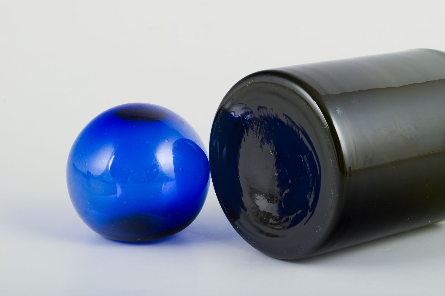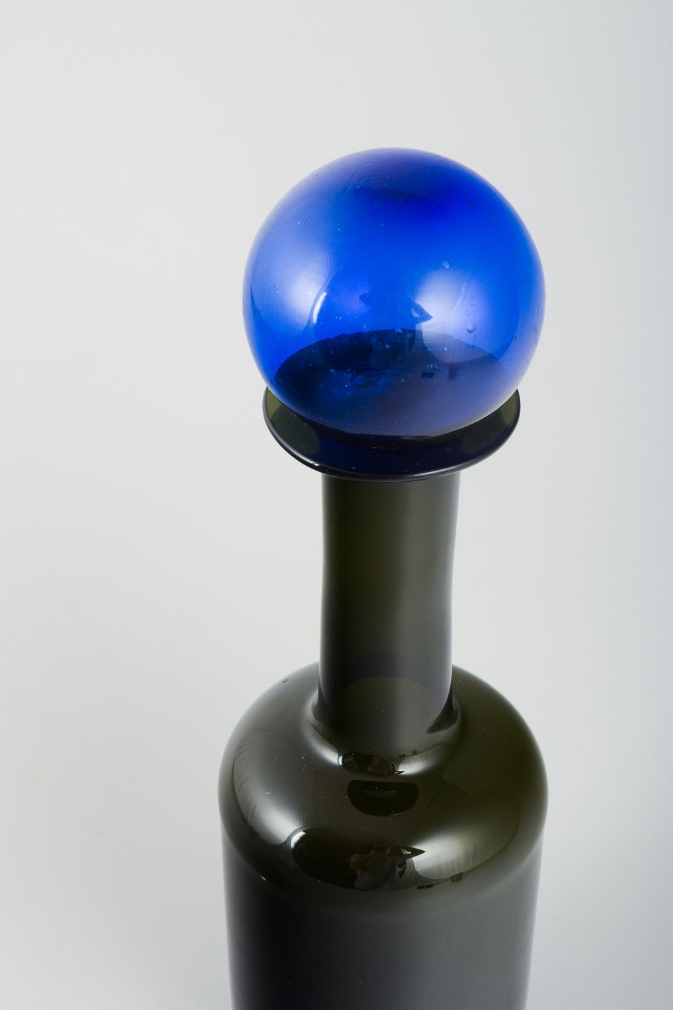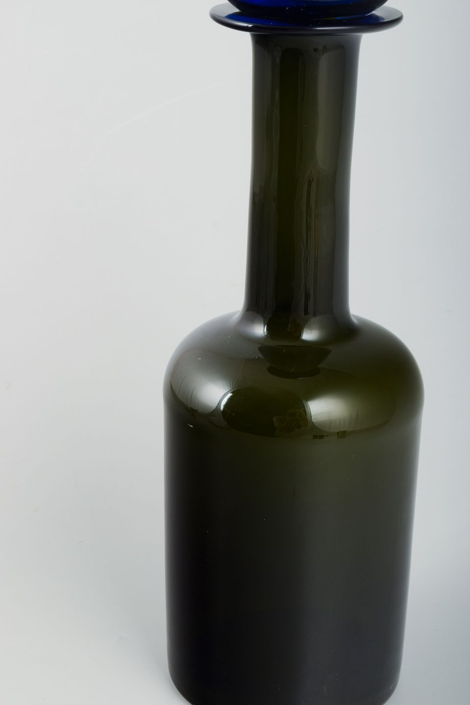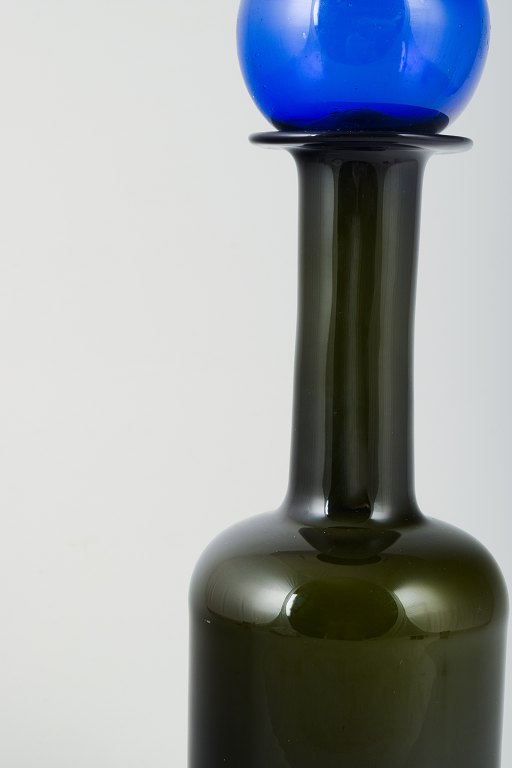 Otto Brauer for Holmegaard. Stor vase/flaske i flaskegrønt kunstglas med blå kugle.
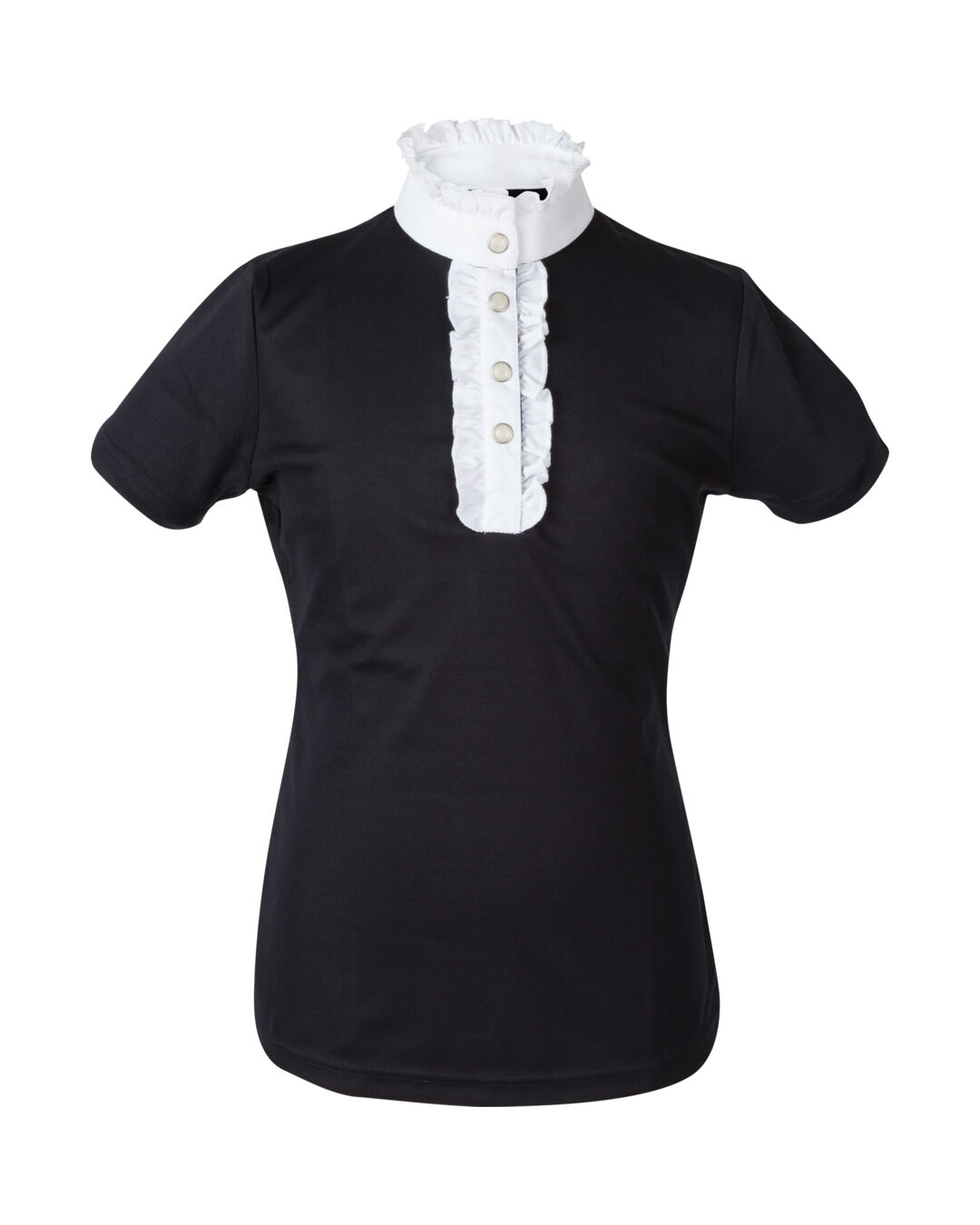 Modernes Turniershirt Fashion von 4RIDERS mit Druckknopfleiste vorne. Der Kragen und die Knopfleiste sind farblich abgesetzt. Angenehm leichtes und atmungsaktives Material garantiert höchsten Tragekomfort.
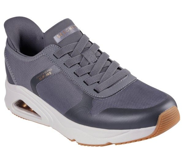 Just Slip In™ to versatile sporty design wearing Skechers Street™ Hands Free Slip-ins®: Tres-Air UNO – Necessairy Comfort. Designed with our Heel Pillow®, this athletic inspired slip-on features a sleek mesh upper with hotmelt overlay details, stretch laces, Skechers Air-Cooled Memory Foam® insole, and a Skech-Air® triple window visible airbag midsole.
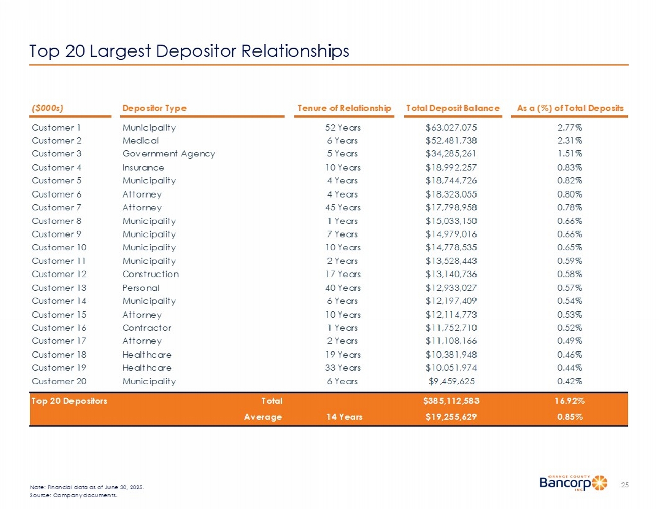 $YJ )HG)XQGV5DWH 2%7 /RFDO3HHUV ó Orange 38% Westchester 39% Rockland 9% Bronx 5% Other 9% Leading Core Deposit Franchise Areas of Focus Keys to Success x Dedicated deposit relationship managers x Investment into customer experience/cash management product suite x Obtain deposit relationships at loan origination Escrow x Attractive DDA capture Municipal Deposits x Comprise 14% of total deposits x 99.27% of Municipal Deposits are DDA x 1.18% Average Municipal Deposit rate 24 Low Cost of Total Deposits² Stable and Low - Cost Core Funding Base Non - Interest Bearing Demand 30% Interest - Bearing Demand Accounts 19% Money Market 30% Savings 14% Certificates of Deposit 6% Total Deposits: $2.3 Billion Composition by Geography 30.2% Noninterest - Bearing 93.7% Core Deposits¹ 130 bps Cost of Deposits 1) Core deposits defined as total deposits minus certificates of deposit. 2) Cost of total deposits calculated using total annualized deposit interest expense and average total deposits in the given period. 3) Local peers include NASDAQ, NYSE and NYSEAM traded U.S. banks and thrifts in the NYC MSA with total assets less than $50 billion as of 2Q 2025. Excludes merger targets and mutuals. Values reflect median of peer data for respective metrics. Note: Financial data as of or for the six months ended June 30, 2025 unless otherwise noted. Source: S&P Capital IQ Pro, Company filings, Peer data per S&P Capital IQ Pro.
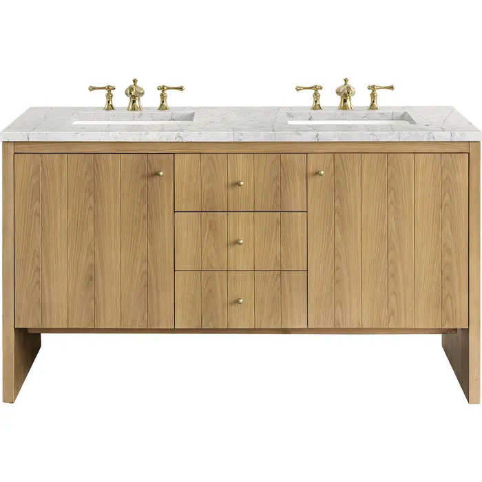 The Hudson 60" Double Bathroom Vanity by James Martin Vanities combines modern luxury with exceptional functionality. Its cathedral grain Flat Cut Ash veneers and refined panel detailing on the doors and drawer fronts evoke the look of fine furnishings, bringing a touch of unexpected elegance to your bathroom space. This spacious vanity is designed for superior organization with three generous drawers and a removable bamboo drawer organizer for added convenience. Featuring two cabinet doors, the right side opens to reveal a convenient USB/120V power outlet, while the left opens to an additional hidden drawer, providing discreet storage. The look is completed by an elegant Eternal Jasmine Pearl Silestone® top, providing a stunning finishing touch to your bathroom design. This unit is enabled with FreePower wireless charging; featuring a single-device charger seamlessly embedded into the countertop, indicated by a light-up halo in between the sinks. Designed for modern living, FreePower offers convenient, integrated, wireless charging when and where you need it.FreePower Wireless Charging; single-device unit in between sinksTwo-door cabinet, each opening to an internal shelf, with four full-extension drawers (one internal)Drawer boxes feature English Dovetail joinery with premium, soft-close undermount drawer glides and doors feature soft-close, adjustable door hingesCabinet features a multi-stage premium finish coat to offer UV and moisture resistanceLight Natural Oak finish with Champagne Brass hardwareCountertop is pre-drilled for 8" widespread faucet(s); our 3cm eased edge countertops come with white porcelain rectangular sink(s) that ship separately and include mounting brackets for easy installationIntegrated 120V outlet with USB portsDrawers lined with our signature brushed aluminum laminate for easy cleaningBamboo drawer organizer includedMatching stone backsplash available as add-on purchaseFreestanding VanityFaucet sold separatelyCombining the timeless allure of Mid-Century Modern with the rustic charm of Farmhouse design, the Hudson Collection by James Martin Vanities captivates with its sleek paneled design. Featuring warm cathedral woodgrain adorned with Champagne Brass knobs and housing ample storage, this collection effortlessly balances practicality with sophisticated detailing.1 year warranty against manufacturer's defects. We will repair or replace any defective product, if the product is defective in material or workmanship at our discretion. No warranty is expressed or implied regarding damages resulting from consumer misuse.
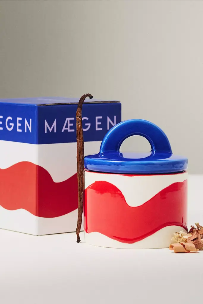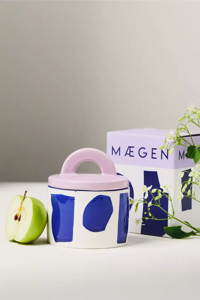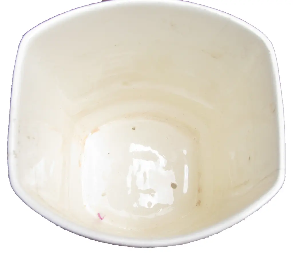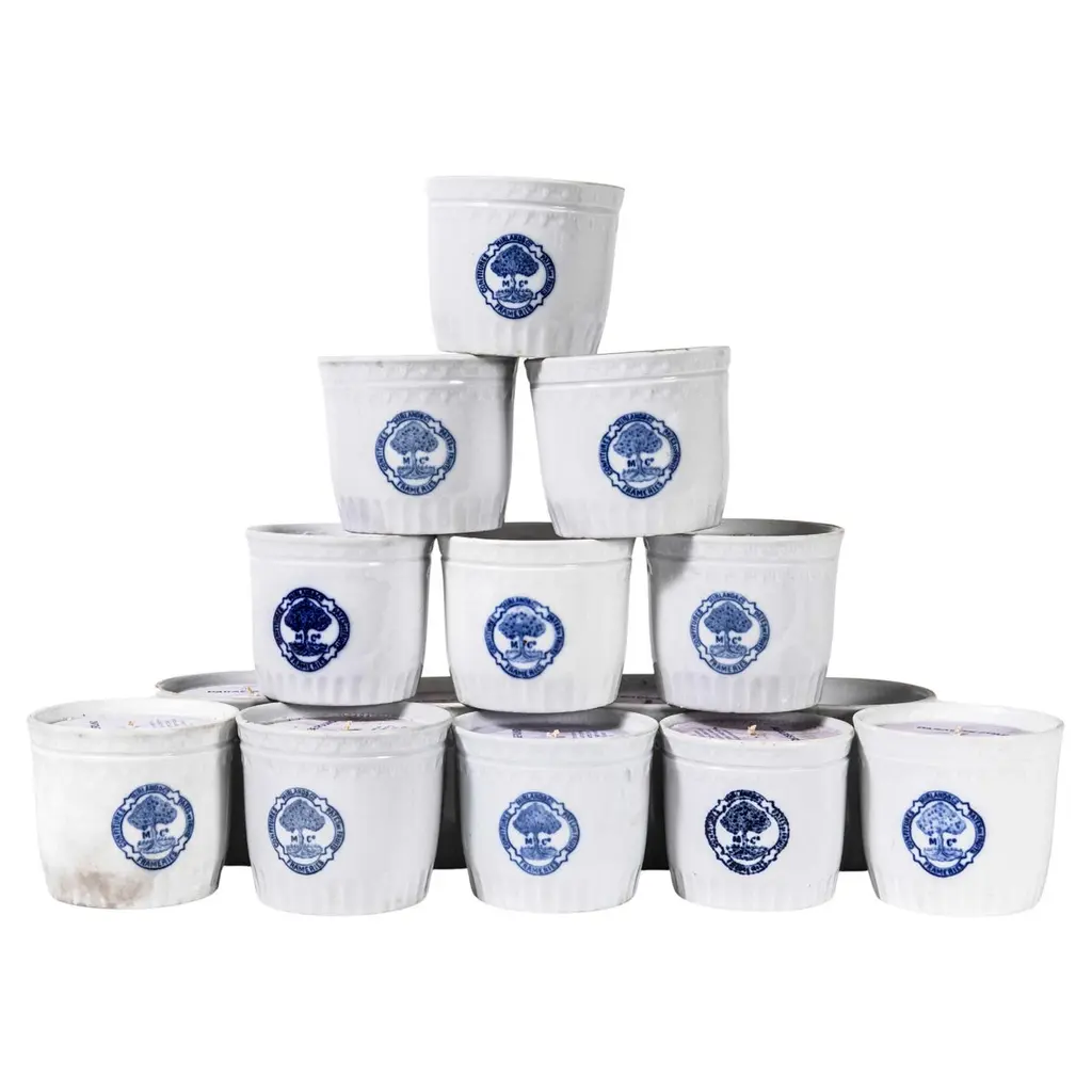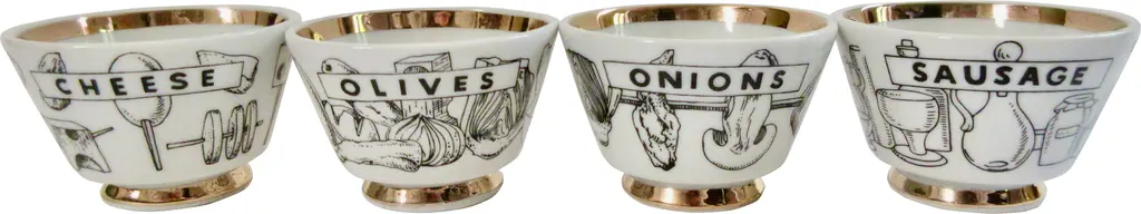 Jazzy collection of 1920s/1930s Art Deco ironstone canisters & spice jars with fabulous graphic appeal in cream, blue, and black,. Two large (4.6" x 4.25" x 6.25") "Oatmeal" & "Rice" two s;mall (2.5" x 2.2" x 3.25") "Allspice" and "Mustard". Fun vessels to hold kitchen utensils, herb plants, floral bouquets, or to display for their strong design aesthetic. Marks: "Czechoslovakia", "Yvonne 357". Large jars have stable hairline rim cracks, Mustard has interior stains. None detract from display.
----------------
Aim of the task >> Omit the pictures and output all of the other material exactly.

Response to this task >>
 Otto Brauer for Holmegaard. Stor vase/flaske i flaskegrønt kunstglas med blå kugle.
 Modernes Turniershirt Fashion von 4RIDERS mit Druckknopfleiste vorne. Der Kragen und die Knopfleiste sind farblich abgesetzt. Angenehm leichtes und atmungsaktives Material garantiert höchsten Tragekomfort.
 Just Slip In™ to versatile sporty design wearing Skechers Street™ Hands Free Slip-ins®: Tres-Air UNO – Necessairy Comfort. Designed with our Heel Pillow®, this athletic inspired slip-on features a sleek mesh upper with hotmelt overlay details, stretch laces, Skechers Air-Cooled Memory Foam® insole, and a Skech-Air® triple window visible airbag midsole.
 $YJ )HG)XQGV5DWH 2%7 /RFDO3HHUV ó Orange 38% Westchester 39% Rockland 9% Bronx 5% Other 9% Leading Core Deposit Franchise Areas of Focus Keys to Success x Dedicated deposit relationship managers x Investment into customer experience/cash management product suite x Obtain deposit relationships at loan origination Escrow x Attractive DDA capture Municipal Deposits x Comprise 14% of total deposits x 99.27% of Municipal Deposits are DDA x 1.18% Average Municipal Deposit rate 24 Low Cost of Total Deposits² Stable and Low - Cost Core Funding Base Non - Interest Bearing Demand 30% Interest - Bearing Demand Accounts 19% Money Market 30% Savings 14% Certificates of Deposit 6% Total Deposits: $2.3 Billion Composition by Geography 30.2% Noninterest - Bearing 93.7% Core Deposits¹ 130 bps Cost of Deposits 1) Core deposits defined as total deposits minus certificates of deposit. 2) Cost of total deposits calculated using total annualized deposit interest expense and average total deposits in the given period. 3) Local peers include NASDAQ, NYSE and NYSEAM traded U.S. banks and thrifts in the NYC MSA with total assets less than $50 billion as of 2Q 2025. Excludes merger targets and mutuals. Values reflect median of peer data for respective metrics. Note: Financial data as of or for the six months ended June 30, 2025 unless otherwise noted. Source: S&P Capital IQ Pro, Company filings, Peer data per S&P Capital IQ Pro.
 The Hudson 60" Double Bathroom Vanity by James Martin Vanities combines modern luxury with exceptional functionality. Its cathedral grain Flat Cut Ash veneers and refined panel detailing on the doors and drawer fronts evoke the look of fine furnishings, bringing a touch of unexpected elegance to your bathroom space. This spacious vanity is designed for superior organization with three generous drawers and a removable bamboo drawer organizer for added convenience. Featuring two cabinet doors, the right side opens to reveal a convenient USB/120V power outlet, while the left opens to an additional hidden drawer, providing discreet storage. The look is completed by an elegant Eternal Jasmine Pearl Silestone® top, providing a stunning finishing touch to your bathroom design. This unit is enabled with FreePower wireless charging; featuring a single-device charger seamlessly embedded into the countertop, indicated by a light-up halo in between the sinks. Designed for modern living, FreePower offers convenient, integrated, wireless charging when and where you need it.FreePower Wireless Charging; single-device unit in between sinksTwo-door cabinet, each opening to an internal shelf, with four full-extension drawers (one internal)Drawer boxes feature English Dovetail joinery with premium, soft-close undermount drawer glides and doors feature soft-close, adjustable door hingesCabinet features a multi-stage premium finish coat to offer UV and moisture resistanceLight Natural Oak finish with Champagne Brass hardwareCountertop is pre-drilled for 8" widespread faucet(s); our 3cm eased edge countertops come with white porcelain rectangular sink(s) that ship separately and include mounting brackets for easy installationIntegrated 120V outlet with USB portsDrawers lined with our signature brushed aluminum laminate for easy cleaningBamboo drawer organizer includedMatching stone backsplash available as add-on purchaseFreestanding VanityFaucet sold separatelyCombining the timeless allure of Mid-Century Modern with the rustic charm of Farmhouse design, the Hudson Collection by James Martin Vanities captivates with its sleek paneled design. Featuring warm cathedral woodgrain adorned with Champagne Brass knobs and housing ample storage, this collection effortlessly balances practicality with sophisticated detailing.1 year warranty against manufacturer's defects. We will repair or replace any defective product, if the product is defective in material or workmanship at our discretion. No warranty is expressed or implied regarding damages resulting from consumer misuse.
 Jazzy collection of 1920s/1930s Art Deco ironstone canisters & spice jars with fabulous graphic appeal in cream, blue, and black,. Two large (4.6" x 4.25" x 6.25") "Oatmeal" & "Rice" two s;mall (2.5" x 2.2" x 3.25") "Allspice" and "Mustard". Fun vessels to hold kitchen utensils, herb plants, floral bouquets, or to display for their strong design aesthetic. Marks: "Czechoslovakia", "Yvonne 357". Large jars have stable hairline rim cracks, Mustard has interior stains. None detract from display.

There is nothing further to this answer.